Don't do this to the exposed surfaces of the rear wheel wells of a Phaeton - they are carpeted on the side that is closest to the wheel, this is a noise reduction feature. I suspect that if the carpeting was covered over, noise would increase, not decrease.
Michael


----------



## PanEuropean (Nov 3, 2001)

*Re: (uk_nick)*


_Quote, originally posted by *uk_nick* »_How easy is it to take out:
*1)* the rear seats 
*2)* the trim panels around the rear wheel arches inside the boot/trunk
in a 5 seater model ? Is there a post covering this already ?

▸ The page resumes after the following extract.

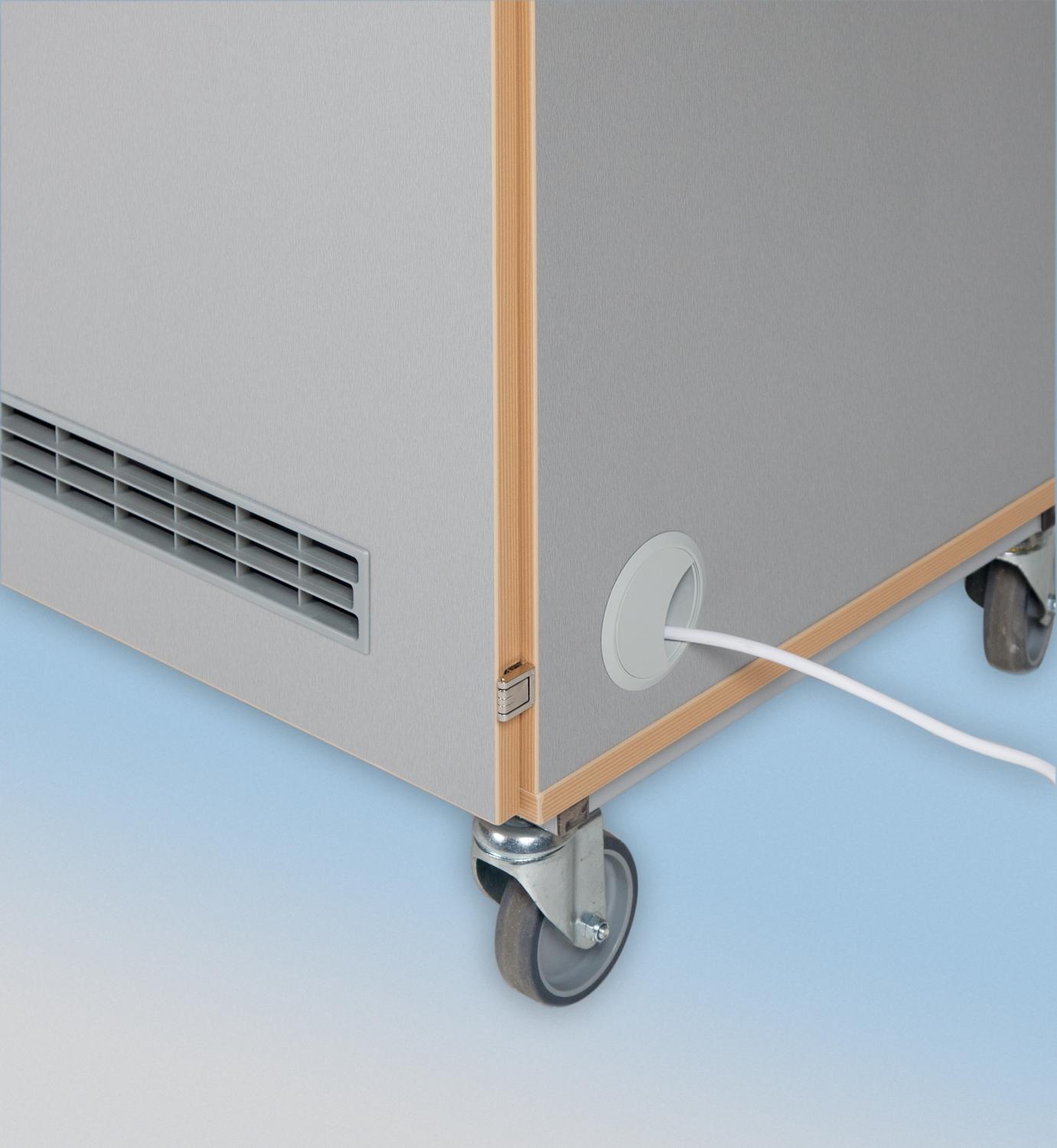 Der Laptopwagen besitzt 4 Schwerlastrollen, von denen 2 feststellbar sind, um den Laptop Trolley am gewünschten Ort zu fixieren.

I don't think it would be too difficult to remove the rear seat back and rear seat bench. One of our forum members (Whealy) did this already, to defeat the weight-sensor switch that operates the headrest (his child was right at the weight threshold, and the headrest kept going up and down...). The post discussing that can be found here: Automatic Movement of Rear Seat Headrest.
Removing the trim panel that comprises the rear door threshold and then runs about 2/3 of the way up the side of the rear seat backrest, (referred to as the 'wheel house trim') should not be too difficult, although removal of the upper 1/3 - the piece into which the seat belt disappears into, referred to as the 'Lower C-pillar trim' - would be very difficult and likely require partial removal of the headliner. To remove the wheel house trim, you first need to remove the rear seat cushion (base) and backrest.
Best to get printed directions explaining how to take these parts apart from your VW dealer. Seat cushion removal is in section 72 of the maintenance manual, and wheel house trim removal is in section 70. Normally, the VW dealers are quite happy to print out this information for owners, as long as it does not run to 50 pages. The information you need is about 10 pages total. If you can't get it from your VW dealer, let me know and I will get it for you.
Below is a picture of a Phaeton body prior to installation of all the above-mentioned parts... this might give you an idea of what you will find once you get things taken apart. As you can see, there is not much excess space between the metal body of the car (the wheel arch) and the inner surface of the wheel house trim.
Michael
*Rear wheel house, before installation of seats or trim*


----------



## PanEuropean (Nov 3, 2001)

*Re: Additional road noise suppression (uk_nick)*

By the way, my car is in the dealership today for an oil change, which requires removal of the front right wheel well liner if the Phaeton has a W12 engine (the wheel well liner must be removed to get access to the oil filter).
So, tomorrow I will visit the dealership and take a whole bunch of pictures of what is behind the front wheel well liner, and what the liner itself looks like.
Michael


----------



## Spectral (Dec 21, 2005)

*Re: (uk_nick)*


_Quote, originally posted by *uk_nick* »_
Spectral,
Cheers for the quietcoat link. I hadn't seen that one, but I've looked into other brands of liquid visco-elastomer type damping materials.
IIRC materials like quietcoat and solid equivalents like Dynamat Extreme are good at killing low frequency resonance/noise (and that's why bass junkies line their doors and trunk with it) whereas foam and rubber type mats are good at absorbing higher frequency noise. I'm minded to use both if possible. You seem to know your stuff on sound engineering: have I got this right ?
_Modified by uk_nick at 12:38 AM 9-27-2006_

I'm not 100% sure on the different sound absorbtion qualities of various materials, but I'm sure that the manufacturers can give you a graph that shows absorbtion plotted against frequency.
I believe that the visco elastic will provide you with the best overall absorbtion with the least amount of mass. 
I think that your approach to using layers of materials that compliment each other is a good one for eliminating a wide range of frequencies.


----------



## Spectral (Dec 21, 2005)

*Re: Quiet car (PanEuropean)*


_Quote, originally posted by *PanEuropean* »_
Don't do this to the exposed surfaces of the rear wheel wells of a Phaeton - they are carpeted on the side that is closest to the wheel, this is a noise reduction feature. I suspect that if the carpeting was covered over, noise would increase, not decrease.
Michael

Good point. 
I think spraying your wheel well with visco elastic also might make it difficult to remove the wheel well liner.


----------



## Spectral (Dec 21, 2005)

*Re: (uk_nick)*


_Quote, originally posted by *uk_nick* »_A useful link for the Yokohama tyres:
http://www.yokohamatire.com/Ti...eID=8#
By their own figures it only offers a 1 dB reduction against typical opposition, though.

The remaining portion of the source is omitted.